Man admits damaging British, Australian war memorials

A man admitted today to daubing the word "Islam" on a war memorial in central London and damaging the nearby Australian War Memorial by ripping a piece off.

London: A man admitted today to daubing the word "Islam" on a war memorial in central London and damaging the nearby Australian War Memorial by ripping a piece off.

Andrew Patterson, 31, vandalised the Royal Air Force Bomber Command Memorial with graffiti on May 27 last year.

The act occurred at a tense time, five days after a British soldier was brutally hacked to death in a London street by two Islamist attackers.

Westminster Magistrates Court in London heard that Patterson also wrote "Islam" on the national Animals in War Memorial on May 27.

Earlier, between May 17 and 20, he caused USD 19,500 of damage to the Australian War Memorial when he stole its Rising Sun plaque -- the army service emblem.
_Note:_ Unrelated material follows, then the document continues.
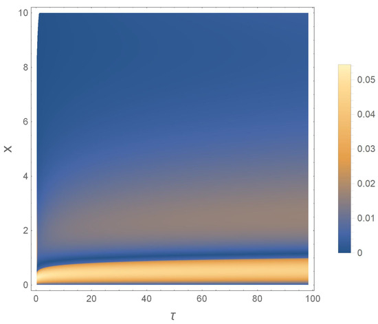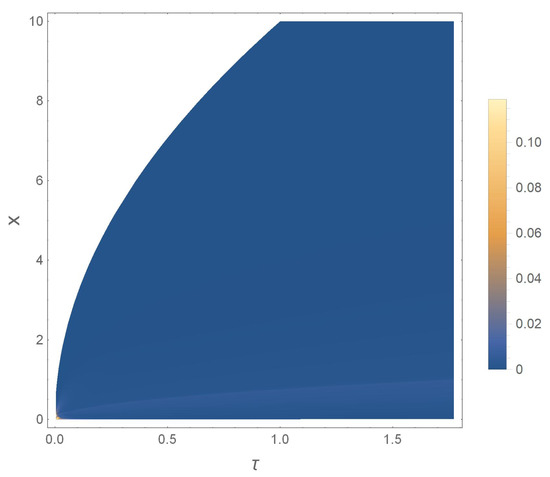 Figure 11, Figure 12, Figure 13 and Figure 14 lead to an important observation. In all considered cases, we note the highest absolute error for small values of variable and in the area close to the moving boundary . The calculations were performed in the mesh nodes fulfilling condition .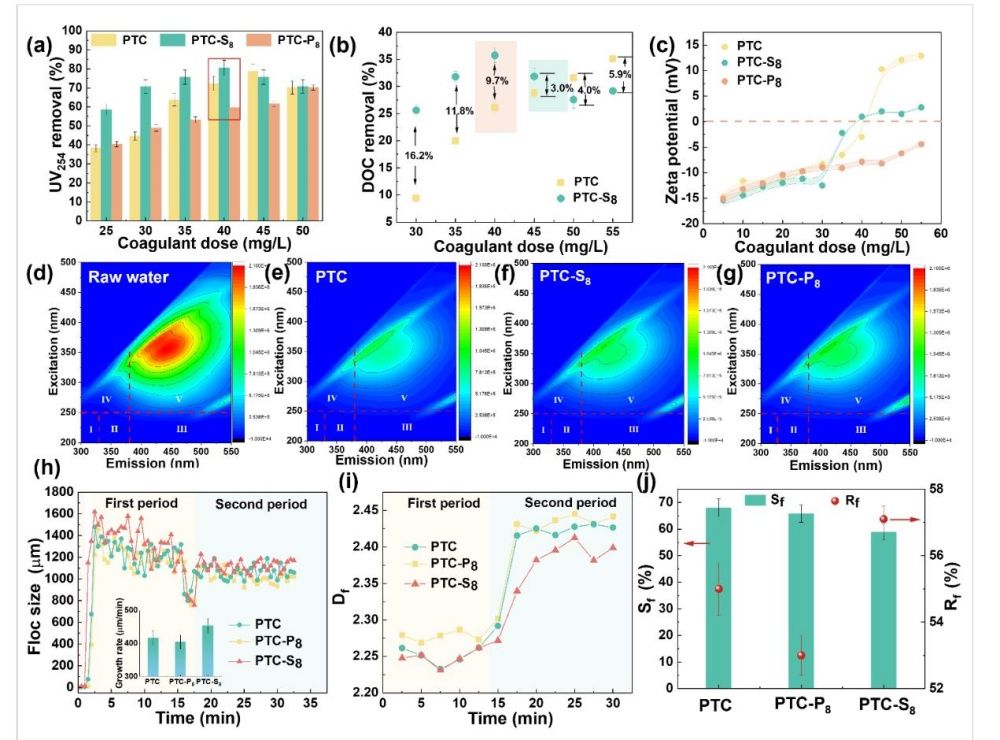 通过硫酸盐沉淀法分离出来的PTC-S8,表现出了优异的混凝性能。在黄河水济南段的混凝实验中,PTC-S8的有机物去除效率比传统PTC高出约20%。尤其是在低投加剂量下(5–30 mg/L),PTC-S8显著提高了UV254的去除率。该效果的提升主要是因为分离出的钛水解物种的较大聚合度,增强了其电中和能力,能更有效去除水中的有机污染物。此外,PTC-S8所产生的絮体较大,且具有较低的分形维数,表明絮体结构松散,缩短了沉降时间,进一步提升了水处理效率。经过剪切力处理后,PTC-S8处理的絮体还展现出更高的恢复能力。

Several bronze letters also went missing.

Police recovered the plaque and returned it to the Australian High Commission in September.

The damage to the Bomber Command Memorial was ?6,500, while that to the animals memorial was put at 2,766.

Between May 2012 and June 2013, Patterson carried out 94 offences of criminal damage in London, smashing windows, scrawling graffiti and slashing car tyres, repeatedly targeting homes and a Baptist church.

The offences were brought together into 15 charges, which Patterson`s lawyer admitted on his behalf.

District judge John Zani committed the case to Southwark Crown Court for sentencing, on a date yet to be decided.

Patterson was granted bail on condition that he continues to reside at a psychiatric institution in west London.

The Bomber Command Memorial is dedicated to the 55,573 air crew from Britain, the wider Commonwealth, Czechoslovakia and Poland who died in World War II, plus those killed in raids.